Goal of the exercise
Pictures in the material below are to be left out, and only the lines from the line with "初秋新款灯笼袖上衣宫廷风长袖衬衫女翻领衬衣OL风2270" up to and including the line with "Skříňka z překližky" are to be written out exactly.

START Exercise input

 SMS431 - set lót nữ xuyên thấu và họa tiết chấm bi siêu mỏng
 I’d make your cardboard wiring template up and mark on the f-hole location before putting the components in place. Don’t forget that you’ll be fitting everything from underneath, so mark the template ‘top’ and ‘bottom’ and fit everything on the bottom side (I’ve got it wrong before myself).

END Exercise input
START Exercise input

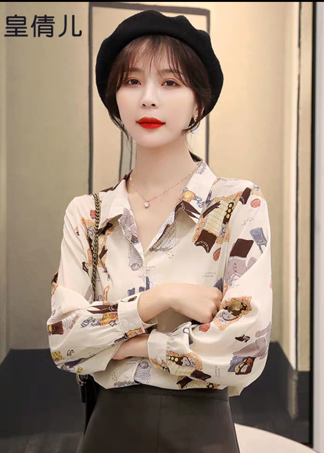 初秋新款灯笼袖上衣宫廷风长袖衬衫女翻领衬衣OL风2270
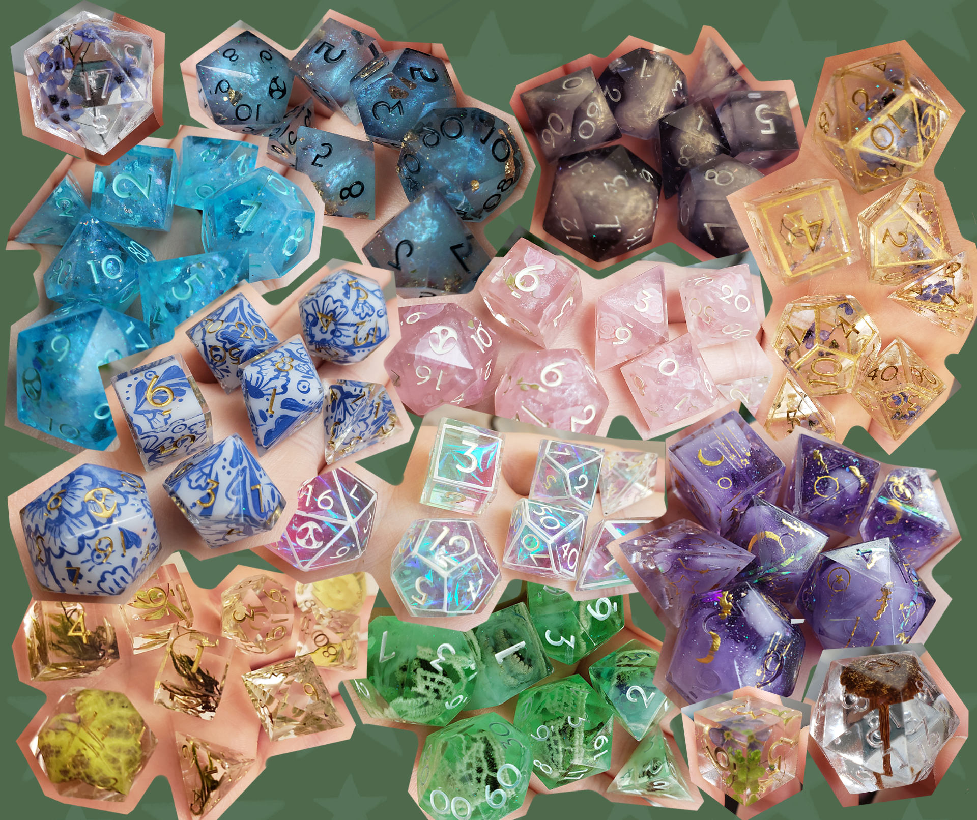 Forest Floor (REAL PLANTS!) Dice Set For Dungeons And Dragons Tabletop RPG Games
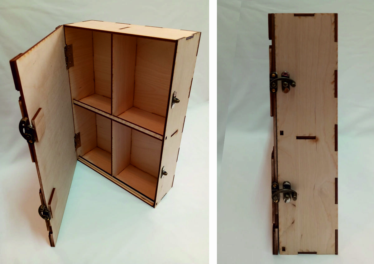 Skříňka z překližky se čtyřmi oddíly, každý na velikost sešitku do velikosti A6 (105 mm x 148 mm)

END Exercise input

Exercise answer
 初秋新款灯笼袖上衣宫廷风长袖衬衫女翻领衬衣OL风2270
 Forest Floor (REAL PLANTS!) Dice Set For Dungeons And Dragons Tabletop RPG Games
 Skříňka z překližky se čtyřmi oddíly, každý na velikost sešitku do velikosti A6 (105 mm x 148 mm)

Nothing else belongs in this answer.